AWS Lambda pretty much single-handedly kick-started the serverless movement we find ourselves in. A compute service with automated scaling and complete elimination of machine or container maintenance. However, some of the characteristics of the service made it a little less than desirable for certain workloads.
If you were trying to use Lambda in a use case that was very latency sensitive, cold starts were probably your greatest concern. Cold starts have also been the biggest issue pointed out by detractors of service as to why you need to be cautious about adopting Lambda as your primary compute platform. However, thankfully, AWS has heard the concerns and has provided the means for us to solve the problem.
If you have just deployed a Serverless service, or none of your functions have been invoked in some time, your functions will be cold. This means that if a new event trigger did occur to invoke a Lambda function, a brand new micro VM would need to be instantiated, the runtime loaded in, your code and all of its dependencies imported and finally your code executed; a process that could take 50 - 200 ms (or longer depending on the runtime you choose) before any execution actually started. However, after execution, this micro VM that took some time to spin up is kept available for afterwards for anywhere up to an hour and if a new event trigger comes in, then execution could begin immediately.
Before now, if you were trying to use techniques to create warm Lambda instances, this was a tricky exercise. It was a little difficult to exactly control how many warm instances you wanted simultaneously and you then had to execute the Lambda you wanted with some kind of branching logic that determined whether this was a warm up execution or an actual execution. It was rather ugly. But it helped folks step past the cold start issues to some degree.
However, AWS has now launched Provisioned Concurrency as a feature. It does pretty much the same thing as those Serverless Framework plugins that try to keep a certain number of warm functions running by allowing you configure warm instances right from the get go. In addition, there are no code changes needed. All we need to do is set a value as to how many provisioned instances we want for a specific function, and the AWS Lambda service itself will ensure to always have that quantity of warmed instances waiting for work!

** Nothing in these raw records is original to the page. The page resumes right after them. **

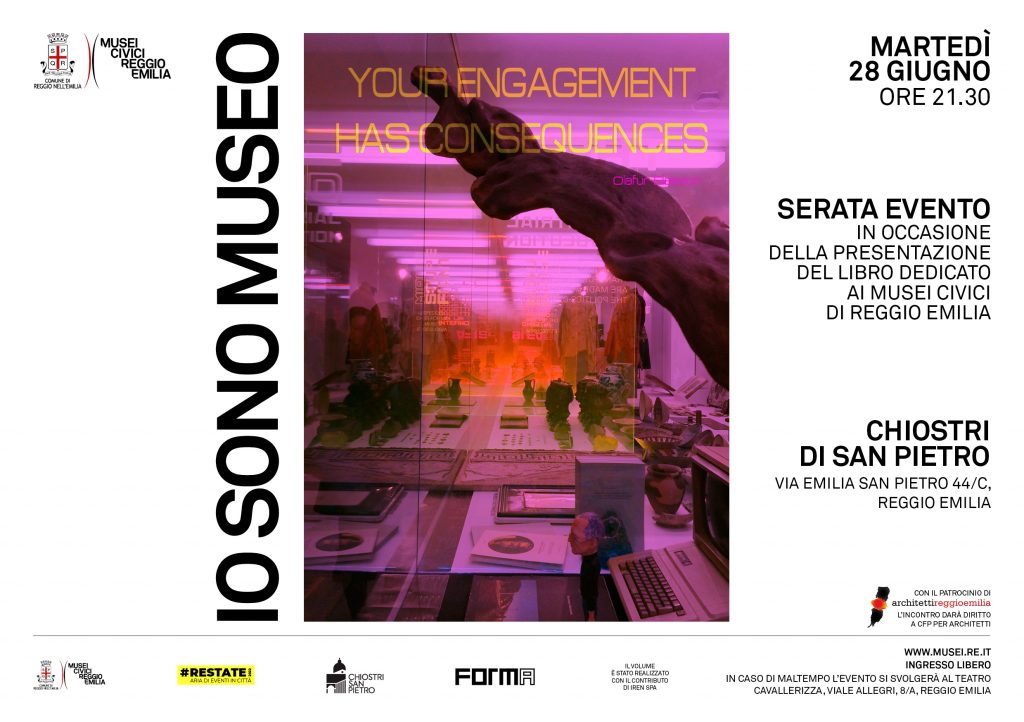 La serata è promossa dal Comune di Reggio Emilia – Musei Civici in collaborazione con Forma Edizioni, nel contesto del cartellone di attività Restate, con il patrocinio dell’Ordine degli Architetti di Reggio Emilia. Il volume Io sono Museo è realizzato con il contributo di Iren S.p.A.
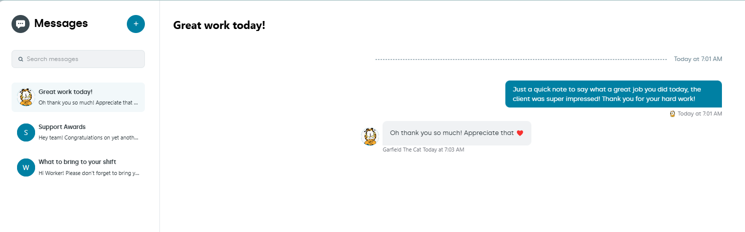 Now, whether you're an admin or a worker, you can quickly send and receive messages without the hassle of emails or phone calls!
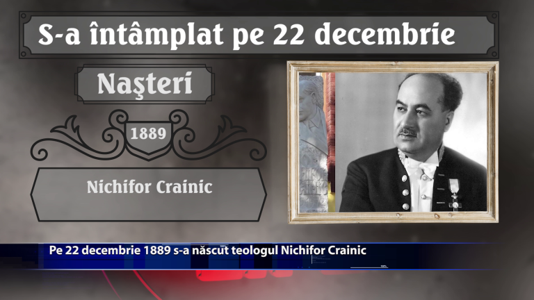 Pe 22 decembrie 1889 s-a nascut teologul Nichifor Crainic. Tot pe 2 decebrie, dar in anul 1989 dupa o saptamana de demonstratii populare si reprimari sangeroase, Nicolae Ceausescu este inlaturat de la conducerea Romaniei. Ce alte evenimente deosebite au marcat ziua de 22 decembrie, aflam din rubrica … S-A INTAMPLAT PE … https://youtu.be/m76-tH1NGlc

Combine this with the auto scaling features of Lambda and we now have the means to respond rapidly to traffic as well as automatically accommodate more traffic as it comes in.
AWS Console
This setting can be made very simply in the AWS Console. Go to the function in the Lambda service, scroll all the way to the bottom and set it at what you want the minimum provisioned concurrency to always be. Easy as that.
Serverless Framework
Of course, we don’t really want to dip into the console if our service is built with the Serverless Framework, so instead, we can change one setting on our functions definition to add provisioned concurrency to that function.
functions:
hello:
handler: handler.hello
events:
- http:
path: /hello
method: get
provisionedConcurrency: 5
In the example above, the hello
Lambda function will always have 5 warm instances ready to go to handle incoming HTTP requests from API Gateway.
AWS API
However, it doesn’t end there. You can even go so far as to write a simple Lambda that you run on an hourly basis with a pre-determined schedule in mind. If you are like a lot of organsiations, you will have busy spikes you know about well in advance. In these situations, you may not want provisionedConcurrency
all the time, but you may want it during those known spikes.
Provisioned Concurrency can be set via the AWS SDK:
'use strict';
const AWS = require('aws-sdk')
module.exports.setProvisionedConcurrency = async event => {
const params = {
FunctionName: 'MyFunctionName',
ProvisionedConcurrentExecutions: '5',
Qualifier: 'aliasname'
};
const lambda = new AWS
lambda.putProvisionedConcurrencyConfig(params, function(err, data) {
if (err) console.log(err, err.stack); // an error occurred
else console.log(data); // successful response
});
};
Now you have the means to schedule the provisioned concurrency whenever you choose and so optimise the cost efficiency of it.
Conclusion
This single feature released by AWS gives those needing greater control over ensuring lower latencies exactly the tool they needed while keeping Lambda Serverless. You are not provisioning hardware or networks, runtimes and operating systems, but tweaking the settings that directly affect the end result in a measurable and predictable way. And this single feature opens Serverless up even further to more use cases and makes it far more competitive in the world of application development.